Beyin denilen o muhteşem gücü değerlendirecek olursak ve de şartlayabilirsek inanın hayallerimiz gerçekleşebilir. En karmaşık ortamlarda bile bir çıkış yolu bulunup sabrımızın ve beyin gücümüzün aşırı şartlanması doğrultusunda yaşamın bizi ödüllendirdiğini çok geçmeden görebiliriz…
Tecrübelerime dayanarak şunları söyleyebilirim. Değişimi kucaklamak; olağanüstü yeniliklere, mutluluklara yelken açmak demektir. Değişimi benimsemek, bir yerde sevmek demektir. Şu kısacık ömrümüzde “Neden sevgimi söylemedim, neden bu değişime yaklaşmadım” diyerek diz dövmenin esbab-ı harbiyesi olamaz.
Olağanüstü hayaller bile olsa gözlerinizin önünden eksik etmezseniz, yani çok isterseniz, en inanılmaz hayalleriniz bile gerçekleşebilir. Allah’ın yanında her şey çok, istemeyi bilmek yeterli! Bunun için de yüreğimizde insan ve hayvan sevgisini eksik etmeyip, iyi niyetimizi belli etmeliyiz. Değişim ışığında gerilerde kalmak zorunda değiliz, önlerde olmalıyız ki, yaşadığımızda belli olsun.
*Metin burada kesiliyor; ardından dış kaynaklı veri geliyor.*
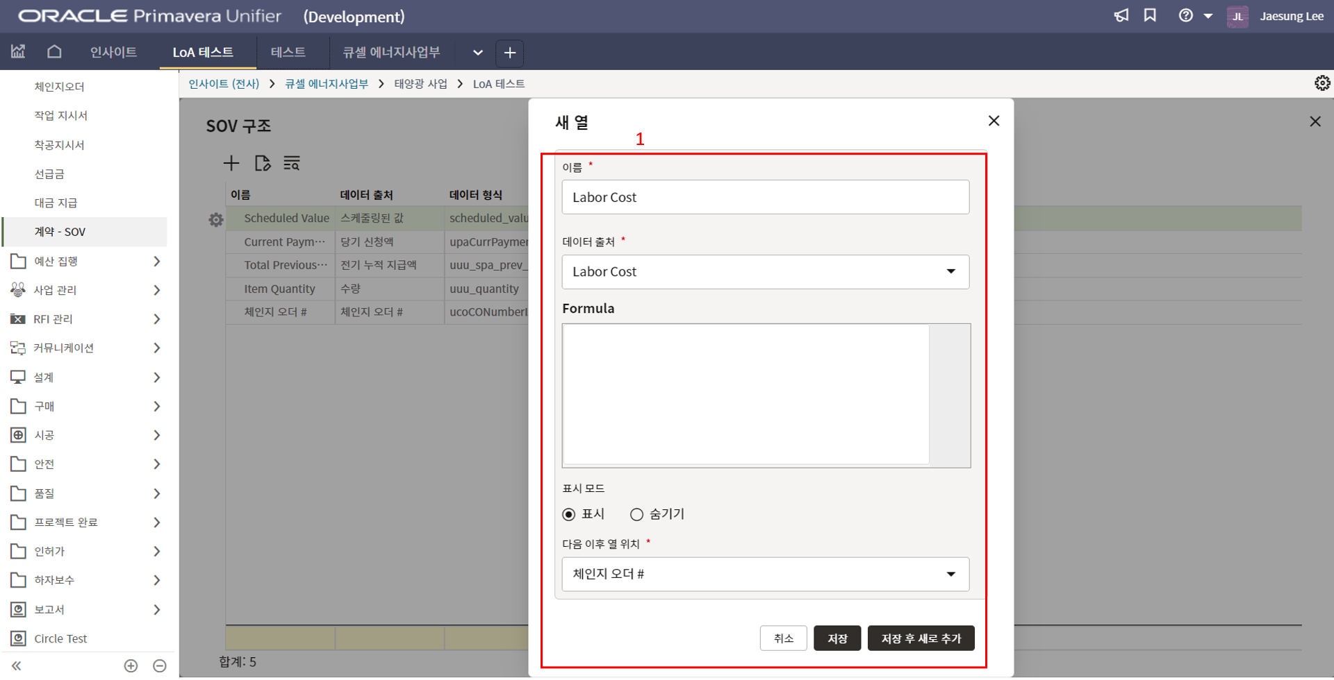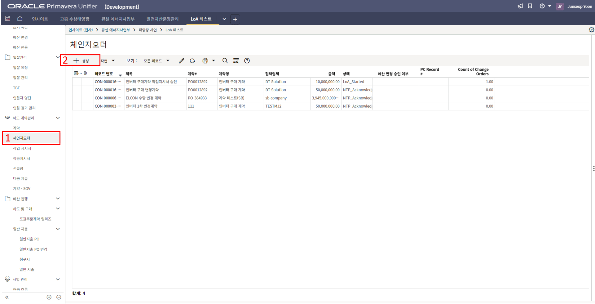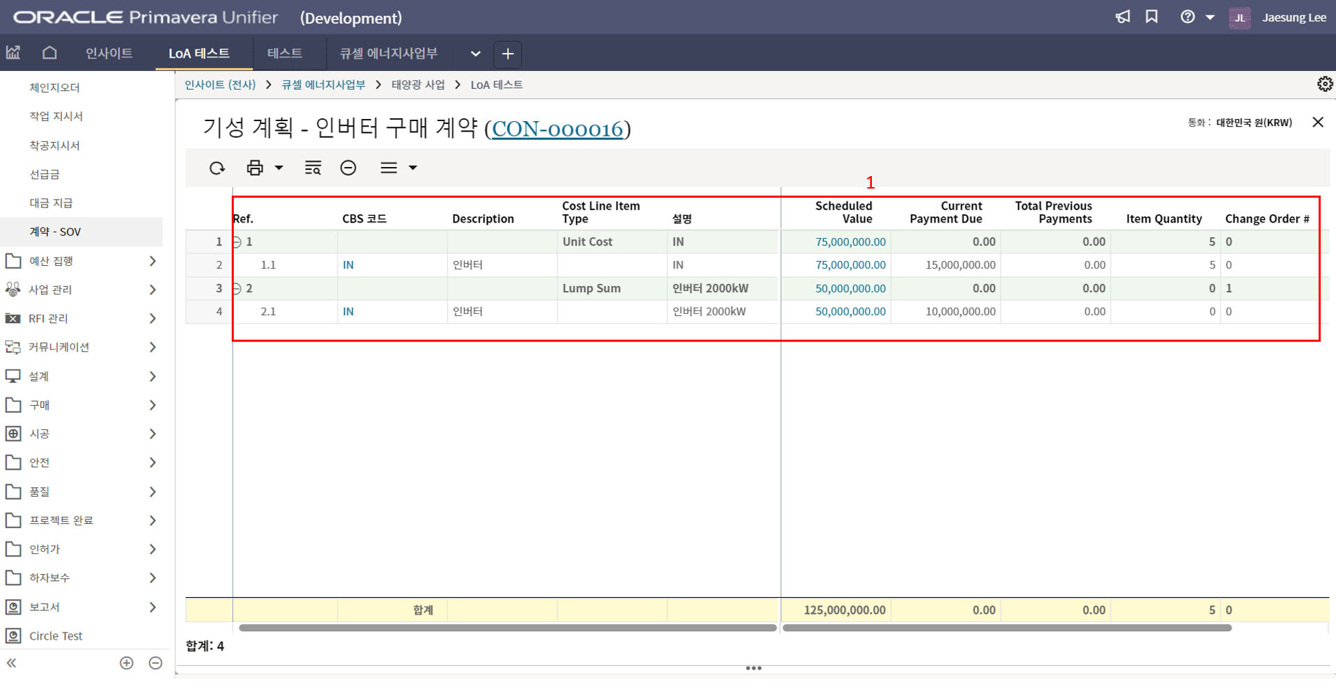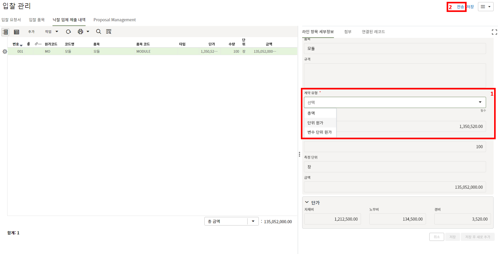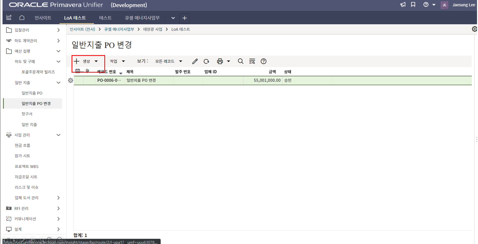 2) 환율은 국내 프로젝트는 1로 입력을 하면 됩니다.

Yardım amaçlı düşüncelerin olağanüstü yararları vardır. Bazen, birine yardım etmeye çalışırken, varıldığından habersiz olduğumuz bir yeteneğimizi keşfedebiliriz. Bana önemli değişimler hayatı sevgi dolu yaşamaktan, yeniliklere açık olmaktan geçer.
Yaşamımızın kriz dönemlerinin hiç birinde “Şimdi ne yapacağım” ve de “koşulları nasıl değiştirip de bu olumsuzluktan kurtulabilirim” diye kendinizi yiyip bitirmemelisiniz. Her şeyin çözümü var, bunu sizde biliyorsunuz. Değişim, taviz vermek anlamında düşünülememelidir. Bunun iyi günlerini kabullenip, bu felsefeyle yola çıkarak koşulları kabullenip, olasılıklara açık, değişik bir tavır sergilemek bizleri sıkıntıdan kurtarır.
İnsanoğlu hiç hata yapmadan yaşamını sürdürebilir mi? Tabi ki hayır. İnsanların en büyük hatası, değişime sıcak bakamamasıdır. Yaptığınız işin başarılı olup olmadığına fazlaca kafa yormamalısınız, sonuca giden yolda emin adımlarla ilerlemelisiniz.
Bir geçiş dönemindeyseniz, başkalarının aynı olayları daha önce yaşamış olduklarını fark edip, onların değişiminden kendinize pay çıkarabilirsiniz. Değişim kılavuzları, çevrenizde yakından tanıdığınız ya da hiç tanımadığınız, ama hikâyelerini bildiğiniz kişilerdir.
Yaşamın sizlere bakış açısına göre duruş sergilememelisiniz. Bunu beceremiyorsunuz, bir adım bile atmaya cesaretiniz yoksa o zaman bazı şeyleri kabulleneceksiniz. Bunun başka alternatifi yok! Yaşam acımasızsa ki öyledir. Siz de acımasız olacaksınız. Size yumuşak gözüküyorsa, siz de mülayim ve tavizkâr gözükeceksiniz. Pes etmek, küsmek, şiddet kullanmak yok. Hepinize iyi değişimler dilerim.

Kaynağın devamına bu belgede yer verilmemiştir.